This is a 2d demo of the medial surface algorithm. The full 3d algorithm displays an implicit surface. The 2d demo displays an implicit line.
The algorithm is a variant of standard metaball techniques. The medial surface is the surface where the metaball field from one group of objects equals the metaball field from a second group of objects. We explain first the standard metaballs, then the medial surface.
The demo is based on a metasurface from four 'spheres' (circles really). The surfaces of the full 3d implementation are lines in this 2d demo, but we mostly still use the 'surface' terminology below. We first see the four spheres as separate coloured circles [!justsphere!].
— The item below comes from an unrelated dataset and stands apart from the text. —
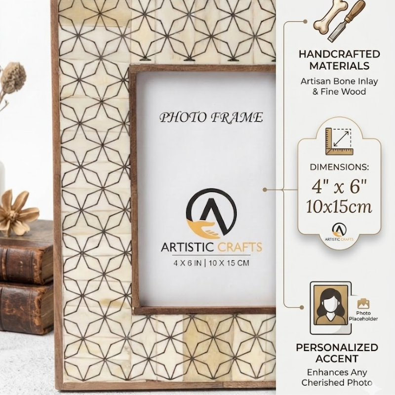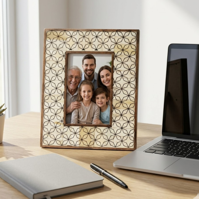 Luxury Bone Inlay Photo Frame 4x6 Inch |Handcrafted Carving Design Decorative Picture Frame for Tabletop, Office Desk & Gift Use

Each sphere has an influence field, 1 at the surface of the sphere and reducing to 0 at a given distance from the sphere. With the spheres apart we can see the fields (as contours) but they have no influence on each other [!noinfluence!]. The surface of each sphere is shown by a white contour.
Many metaball implementation use fields that extend to infinity, for example inverse square of exponential decay. We use a field with a defined cutoff so that a recursive subdivision implementation can easily cull spheres. This demo does not use such techniques, but we still use our standard field function.
As the spheres get closer the fields start to influence each other [!lowinfluence!]. However, they are not close enough that the sphere surfaces are affected. The colour is blended according to the amount of influence of each sphere at the given point. Most of the area is still coloured using the pure sphere colours.
Closer still [!influence!] and the white sphere surfaces are starting to distort (above) and merge (below). They all merge in the final view [!highinfluence!], the pale yellow giving a 2d slice of a characteristic metaball surface.
The medial surface is based around two opposing fields that cancel out. The top pair of spheres now have negative fields (blue colouring), while the lower pair still have positive fields (red/yellow colouring). As they are initially well separated, they have no influence on each other [!negativeapart!].
As the spheres get closer [!negativetouch!] the fields of influence just begin to touch. The area with contrasting colour shows where both groups have equal influence; but does not cover the vast background area where they have equal but zero influence.
Again, as we bring them closer [!negativeclose!] the field interactions get more interesting, and the medial intersection line (medial surface in 3d) gets longer. This trend continues, closer [!negativecloser!] and closest [!negativeclosest!].The field and medial surface/line may be shown in one of two ways, which you can toggle here.
You can click here choose between a flat contour representation and a height field representation. Dragging outside the sphere influence in the height field representation allows change of camera view.
You can also interact with the positions of the spheres by dragging. This works better in the flat view. Picking not right in heightmap version; for now you must pick at the base of the centre of the object.
Choose any of the configurations above as a starting point and experiment.
Currently confusion on scroll wheel between zooming, info scrolling and extending influence.
We will later add interactions for the radius of the spheres, the relative strengths of their fields and their range of influence.